The second unfortunate legacy of selective non-publication of commercial research is that anything that is potentially deleterious to a company's image or profit is suppressed. Commercially funded drug trials, in which the null hypothesis is not disproved, are almost never submitted for publication. This second problem means that all the inconvenience and risk to human research subjects is wasted, from the point of view of wider knowledge and future research. Again, the way forward is for institutional ethics committees to insist that ultimately the commercial enterprise undertaking the research will guarantee to submit the results, whatever the outcome, for the higher audit of publication in peer reviewed journals.

The role of journals

Medical journals hold the key role in any evolution to lift ethical standards of medical research.18 This would seem to be straightforward, but there is a paradox: some journals accept for publication only those papers with local institutional ethics committee approval and that have passed the second echelon sieve of the journal's reviewers, themselves acting in ethical mode. Research of questionable ethical standards is thus unlikely to be published or tends to be published only in unrefereed journals or appears finally only as a letter to the editor.

This was illustrated by a recent report, finally published as a letter in the Lancet.19 Some peers found the research—injecting blood infected with live HIV into 11 severely ill AIDS patients—of doubtful ethical acceptability.14 Yet without its publication—an honest act by the researchers and a courageous one by the Lancet—the ethical points raised would not have been exposed for a subsequent wider ethical debate (in New Scientist14) and analysis by the broader audit of society.

Many bona fide researchers are publishing research papers passed by local ethics committees but of debatable ethicality. A postgraduate journal club that I jointly chair raises such ethical questions almost every week. Specific examples include the forceful collection of nasopharyngeal specimens from children with unrelated disease23 and the use of agents untested for teratogenic effects and the injection of life viruses14 15 in Third World populations.

The only, and less acceptable, alternative to introducing an “intention to publish code” to encourage openness of ethical viewpoints is to promote whistle-blowing in selected projects that have manifestly gone wrong.24

Discussion

Revelations about misconduct such as fraud in medical research are followed by confusion and horror in the scientific community.25 Both in Britain and in the United States awareness of research misconduct has led to healthy debate.18 19 20 21 22 26 27 28 The medical and research professions of all modern societies have rightly bowed to the consumerist ethos in society to open questions of medical ethics to public scrutiny.

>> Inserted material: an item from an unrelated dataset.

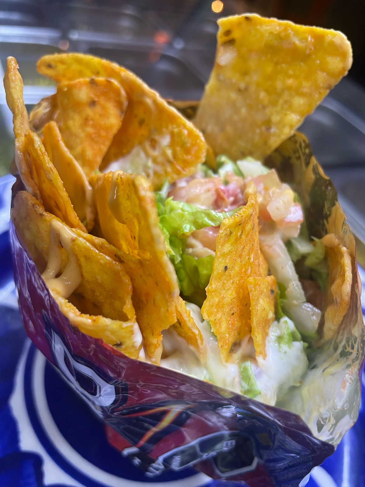 Doritos con carne, pollo, maicitos, lechuga, pico de gallo, guacamole y salsa de la casa

Very few institutional ethics committees monitor what happens to the research they approve. Their insistence on publication would undoubtedly put further pressure on a research worker, but the outcome will undoubtedly provide valuable feedback to the committee, feedback that in many instances is currently not available. If a submitted paper is subsequently rejected by a medical journal on ethical grounds, having previously been approved by an institutional ethics committee, the ensuing audit inevitably proves educative both for the researcher and for the ethics committee.

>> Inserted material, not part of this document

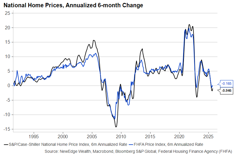 4. Housing Remains in the Doldrums: Mortgage rates have come down a little and sales have picked up, but prices are under pressure and builders have stopped hiring and are taking on fewer new projects. Home prices are not likely to collapse in 2026, but households are no longer feeling the powerful tailwind of the wealth effect from their home values. What could change this in 2026? A rapid increase in supply seems unlikely, and a significant but benign (i.e., no recession) drop in interest rates may be too much to hope for.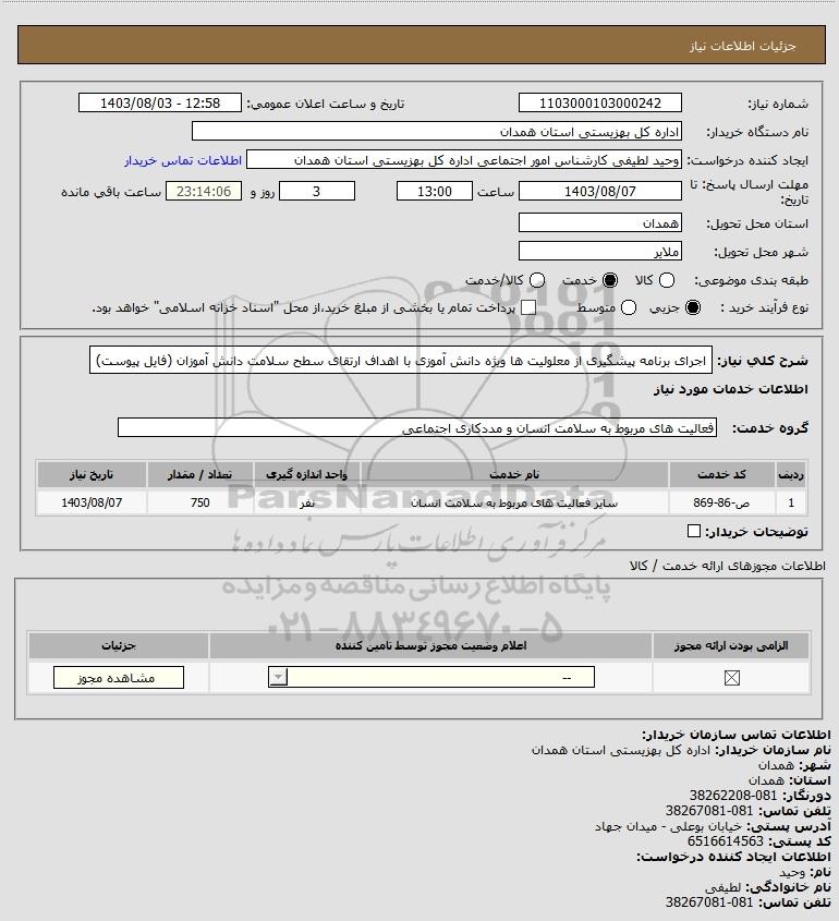 شرح کلی نیاز: اجرای برنامه پیشگیری از معلولیت ها ویژه دانش آموزی با اهداف ارتقای سطح سلامت دانش آموزان (فایل پیوست)

The best institutional ethics committees have a policy of encouraging research and do not see themselves as reacting negatively to submitted research proposals.29 In the best of all worlds the policy, “don't work just for your laboratory—contribute to society30 is common to community and client.

Codes of ethics are one hallmark of a profession16 and are an informal but powerful contract between professions and the communities which they serve. Medical codes of ethics place the welfare, autonomy, and dignity of research patients first and maximise safety. The quid pro quo is that the general society allows the profession to regulate itself. A declaration of intent to publish all that is undertaken in the name of medical research is a logical and relatively easy next step along this path of quality improvement.